ACUTE INHALATION TOXICITY

No acute toxicity studies by inhalation route are available on Disperse Red 054. Nevertheless, because of the physical state of the substance inhalation is not an appropriate route of exposure. The vapour pressure of the substance is estimated to be negligible; the particle size distribution showed that the 98.2 % of particles have a diameter higher than 45 µm; thus, Disperse Red 054 is characterized by particles not-respirable. This consideration, together with the consideration that the substance is manufactured and handled with suitable risk management measures and with the suitable personal protective equipments, lets to consider the possible absorption of the substance by inhalation route as negligible.

ACUTE DERMAL TOXICITY

No acute toxicity studies by dermal route are available on Disperse Red 054. Nevertheless, the possible absorption rate of the substance by dermal route is not expected to be significant.

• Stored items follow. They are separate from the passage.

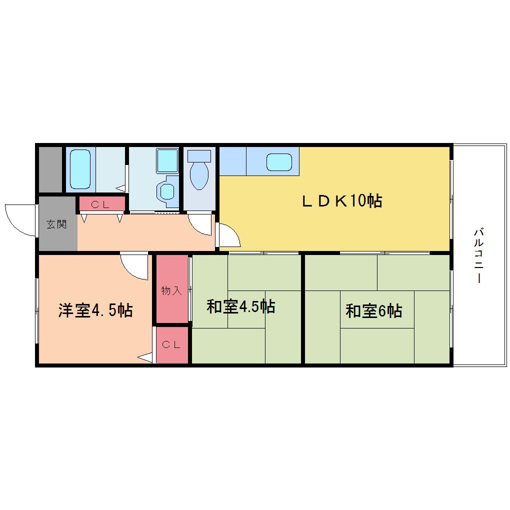 | 間取り詳細 | LDK 10畳 、和室 6畳 、和室 4.5畳 、洋室 4.5畳 |
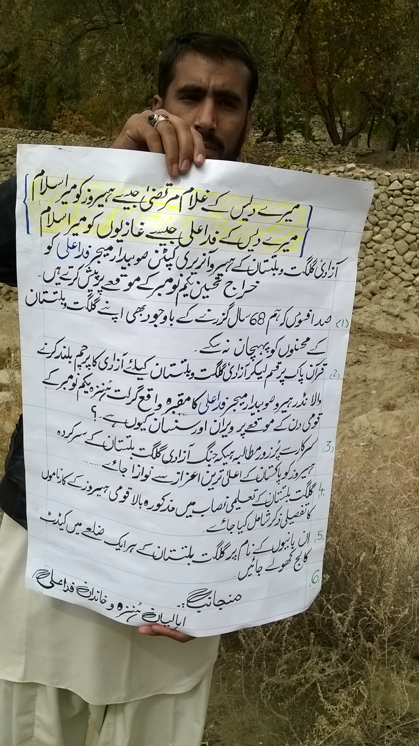 پہلا صفحہ/جنگِ آزادی کے ہیرو آنریری کیپٹن فدا علی اور میجر غلام مرتضی کو مسلسل نظر انداز کیا جا رہا ہے، خاندان کے افراد سراپا احتجاج/WP_20151101_11_39_44_Pro WP_20151101_11_39_44_Pro آپ کی رائے comments
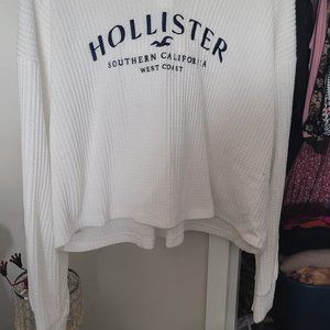 Lightweight cropped Hollister hoodie white with black lettering and is also ribbed fabric. It's very comfortable and in excellent condition. Only worn a handful of times! Size XL but fits smaller, more like a Lrg

In the Commission Regulation (EU) 2016/863, amending Annexes VII and VIII to REACH Regulation (EC 1907/2006), it is explained that recent scientific analysis of available data from in vivo acute toxicity studies have shown that substances that are not toxic via the oral route may be expected with high certainty to be also non-toxic via the dermal route. Therefore, testing those substances via the dermal route does not provide essential information for their safety assessment. The amendment is the consequence of studies and scientific debates. In particular, the 15^th Meeting of Competent Authorities for REACH and CLP (CARACAL, 2014) concluded that the avoidance of a dermal route test is justified for substances that have shown no toxicity in acute oral toxicity test up to the limit dose of 2000 mg/kg bw.

Since during the oral acute toxicity tests no signs of systemic toxicity were recorded, the substance is not expected to be harmful/toxic by dermal route.

Justification for classification or non-classification

According to the CLP Regulation (EC 1272/2008), 3.1 Acute toxicity section, substances can be allocated to one of four toxicity categories based on acute toxicity by the oral, dermal or inhalation route according to the numeric criteria. Acute toxicity values are expressed as (approximate) LD50 (oral, dermal) or LC50 (inhalation) values or as acute toxicity estimates (ATE).

The oral LD50 value was established to be greater than 5000 mg/kg bw, therefore the test substance is out of any classification limit for acute oral toxicity (oral acute toxicity category 4: 300 < ATE ≤ 2000 mg/kg bw).

In conclusion, the test substance does not meet the criteria to be classified for oral acute toxicity, according to the CLP Regulation (EC 1272/2008).